Embora com certo atraso, os operadores jurídicos brasileiros começam a se dar conta de que também o Direito Civil deve ser analisado sob a perspectiva imposta pela Constituição, sobretudo quando se trata dos direitos subjetivos fundamentais, que, alicerçados na liberdade, tendem a colidir e efetivamente colidem, tanto quanto acontece com os direitos subjetivos públicos, o que obriga a utilização do princípio da proporcionalidade como única forma de controle desse tipo de conflito. Assim, por exemplo, a liberdade de contratar, a liberdade de testar, e a liberdade de fixar ou moldar um regime patrimonial de casamento.
Se considerarmos que desde a década de oitenta os civilistas na Alemanha, conduzidos por CLAUS-WILLELM CANARIS, perceberam que sobre as normas do Código Civil devem ser aplicadas as normas constitucionais que preveem os direitos fundamentais, atuando essas normas constitucionais como importante material hermenêutico, e que essa posição doutrinária foi logo em seguida incorporada à jurisprudência do Tribunal Constitucional alemão, podemos então dizer que o Brasil registra um considerável atraso na compreensão de que os direitos subjetivos previstos no Código Civil devem ter seu conteúdo e alcance fixados com base no conteúdo e alcance a serem extraídos das normas que preveem os direitos fundamentais.

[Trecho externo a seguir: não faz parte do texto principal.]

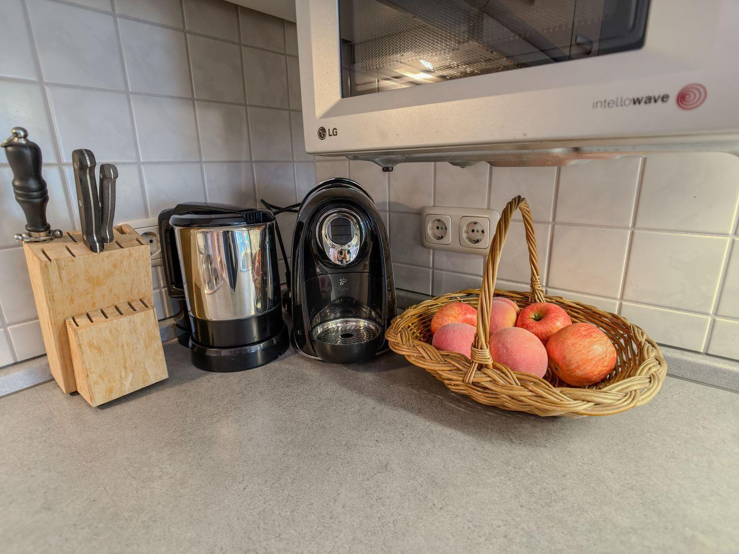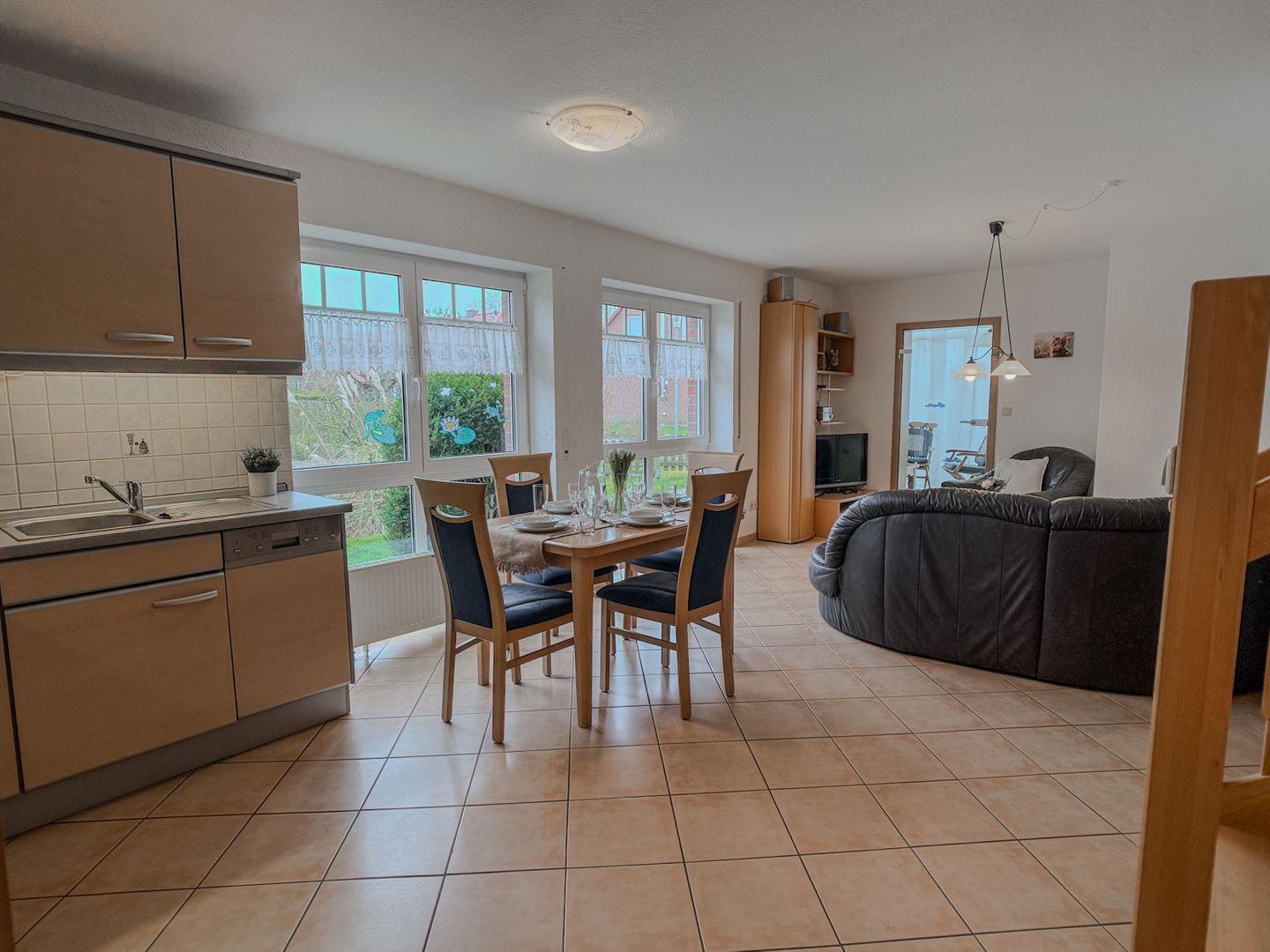 Die großzügige, offene Küche im Wohnzimmer bietet alle Annehmlichkeiten, die Sie für die Selbstversorgung benötigen. Die angrenzende Essecke ist der perfekte Ort, um Ihre Mahlzeiten gemeinsam zu genießen. Das bequeme Ecksofa und der Sessel laden zu entspannten Abenden vor dem Fernseher ein.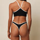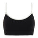 The Simple Sport Top by Montce is a flattering scoop neck, racer back style . This medium support top is designed to be worn for loungewear, light exercise or streertwear. Offered in black terry rib with cream binding.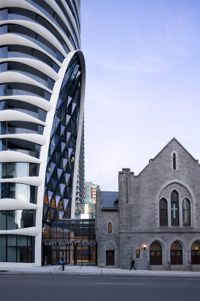 “蝴蝶”由知名建筑师谭秉荣(Bing Thom)设计,其事务所现已更名为Revery Architecture。建筑造型从邻近老教堂的管风琴中汲取灵感,立面采用绝缘玻璃纤维混凝土板,塑造出如“波浪云”般的流动形态。
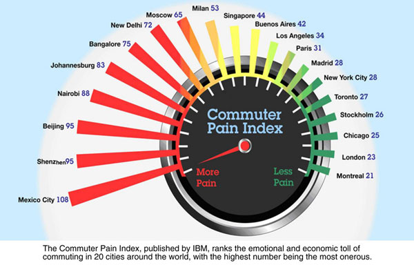 In IBM's 2011 Global Commuter Pain Survey, Beijing was named the city with the worst commuting conditions in the world, according to online magazine Smartplanet. Metropolises such as New York, Paris or Los Angeles, didn't even make the top 10.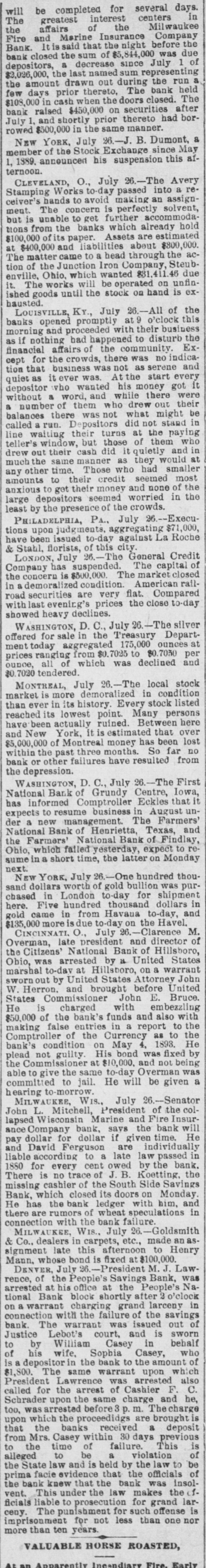 for The of Insurancht due Julyenting the the held bank few The closed. after had bor& B. since Dum May this The July Avery into an solvent, hold already $300, acthe 46 due on unfin is exof the this their and the Ex no was indicacept as erane tion start every got who while there were of out their drew be not what might in did stand at the their of who them those in and quietly had who but did they smaller most of the d none in the by growds. 26. July Executions $71,000, La Roche issued of Credit July cityleneral of The prices ized $500.dition fiat. the close day heavy silver Depart ounce 7030 per and which stock local dition listed than Many here ruined. that over lost been far So no from resulted The First Iowa, Centre, that has The and Texas, of day, the Bank Findla to Ohio, failed on the time, expectation next. One thouYORK, July hundred of bu was allion gold purin for to-day chased shipment in London dollars here. hundred hundred and day, came gold Havaua due Havel. 26. o. M. July of and esident Five in from day on Clarence of tional Bank National Hillsboro, was States Ohio, United at warrant warrant John States and before the verman Hillsboro, by Attorney on Inited E. brougJohn Bruce. embezzline with bank's Combarged funds with report and also to to the the He on His bond of the entries Currency 1893. fixed by 000. and not the false the May was being was the Overman to He jail. plead not agioner at to-day will be given 26. July Senator of the colJohn lapsed WIS. President Fire Insur- will company dollar pay dollar hearing MILWA Mitche Marine and the time. bank He ally are David Ferguson law late Wisconsing if given nassed liable by the owed 1880 for cent bank. no every the betting. J.B. trace There of the Side South cashier Savings missing its doors Bank, which Monday. He and him, bank has ledger of in ations wheat rumors the with bank failure. 26. July WIS.. MIL Goldsmith & etc., Co., made dealers to this late Henry is 0.000. bond M.J. DEN Lawwas of the Bank, rence, People Nathe his office 2 after block tional Bank a in on warrant larceny charging of with the the savings of out was connect The bank. warrant is and court, sworn Justice Lebot's in to Casey behalf William of his who Casey, Sophia of same by wife. the bank marrant to arrested upon also C. Washier he, Eliosident Lawrence of charkThe Charge and upon too. was which the pro the that banks Mrs. rithin from Schrader called for upon the the p. m. are brought is deposit 30 days Casey of to the time This of to be failure be by the held the law of the officials was the bank insolmakes vent. for larficials is such offense one nor than centigonment more HORSE ROASTED, Early Fire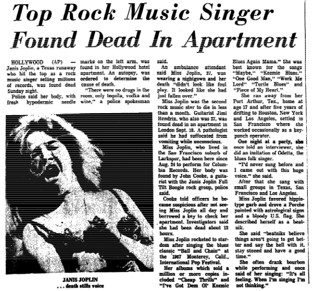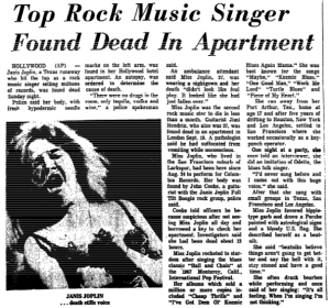 “Janis gettò sul letto le sigarette e si liberò di camicetta e slip. Poi, rapida come l’esplosione di un proiettile nel cervello, la morte la colpì, buttandola sul pavimento. Cadde così brutalmente che si spaccò il labbro inferiore contro un mobile e la bocca le si riempì di sangue. Atterrò tra il letto e una sedia, e restò li distesa per tutta la notte e la più parte del giorno seguente. Il suo corpo venne scoperto solo alle 19,30 di domenica 4 ottobre- 18 ore dopo il decesso”.
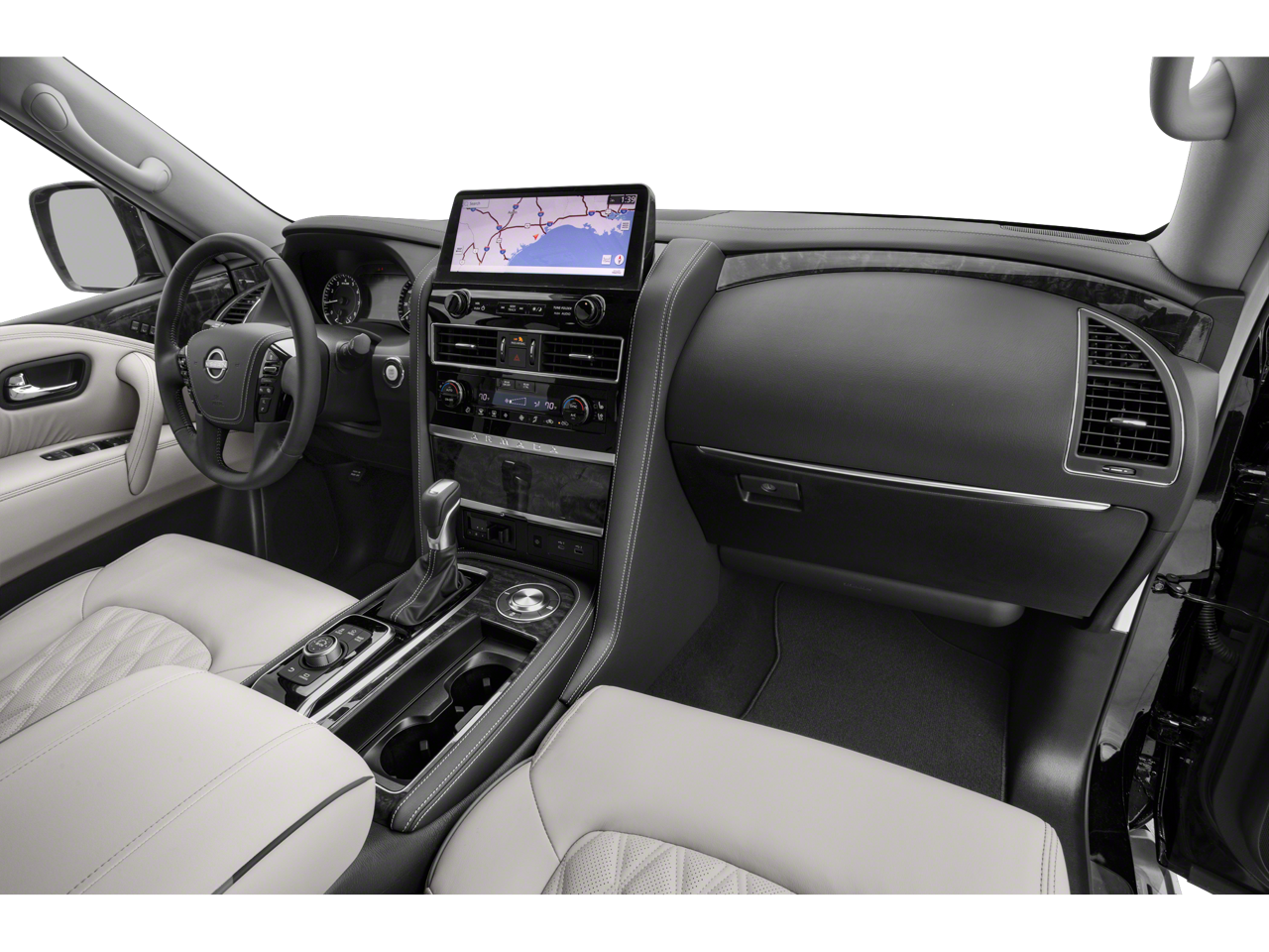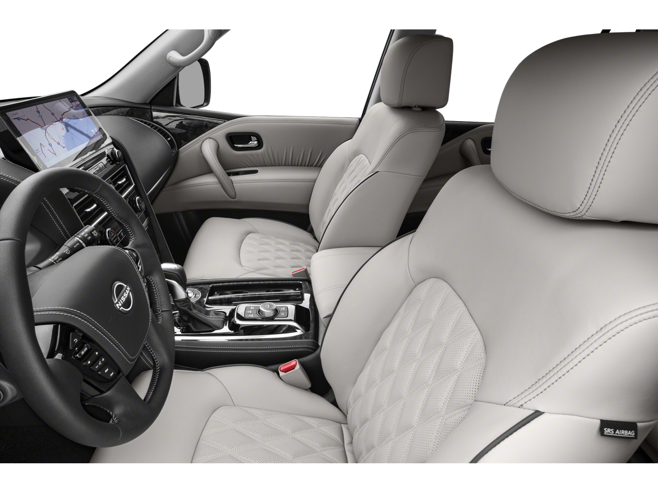 Step inside the Armada Platinum and you'll be greeted by a spacious and luxurious cabin that's been meticulously crafted to cater to your every need. The quilted leather seating surfaces, heated and ventilated front seats, and heated rear seats ensure unparalleled comfort, while the 13-speaker premium audio system provides an immersive listening experience.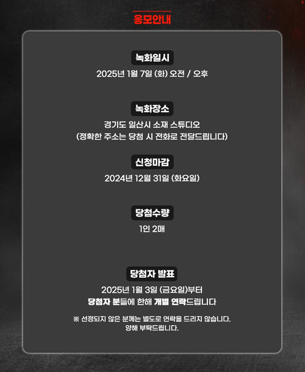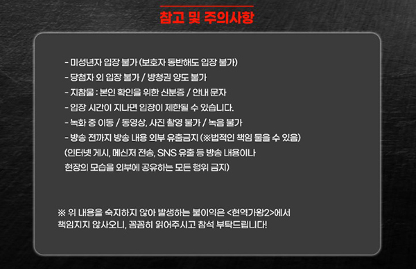 📌 방청신청은 프로그램 방송 일정에 맞춰 진행되므로 신청기간이 따로 있습니다.

Mas a notícia é alvissareira: o atraso está aos poucos a ser eliminado, como comprova o fato de que o Supremo Tribunal Federal irá em breve analisar a “constitucionalidade” da norma do Código Civil que impõe como obrigatória a adoção do regime de separação de bens às pessoas com mais de setenta anos de idade.
O leitor certamente obtemperará que o controle de constitucionalidade é feito no Brasil desde sempre, mais precisamente desde as luminosas ideias de Rui Barbosa e que tinham base no direito norte-americano. Mas o arguto leitor também observará que o termo “constitucionalidade” foi colocado entre aspas, porque se deve observar que, além do controle de constitucionalidade, ou seja, se a norma do Código Civil que fixa como obrigatório o regime da separação de bens é consentânea com o Direito positivo brasileiro, outro controle que o STF poderá e deverá fazer é se, definida a constitucionalidade dessa norma legal, aplicando, então, o princípio constitucional da proporcionalidade, se a norma do Código Civil não estaria a invadir, mais do que seria justo, a liberdade do contraente com mais de setenta anos. Em suma: declarada a constitucionalidade da norma do Código Civil, reconhece-se como válida a posição estatal (da Lei) em fixar como obrigatório o regime de separação; em seguida, analisar-se-á então o conflito entre duas posições jurídicas e dos interesses correspondentes: a do contraente em não querer casar-se sob o regime da separação de bens, e a posição do Estado em querer obrigá-lo a casar sob esse regime. Entram em operação as formas de controle enfeixados no princípio da proporcionalidade, em especial a ponderação de bens.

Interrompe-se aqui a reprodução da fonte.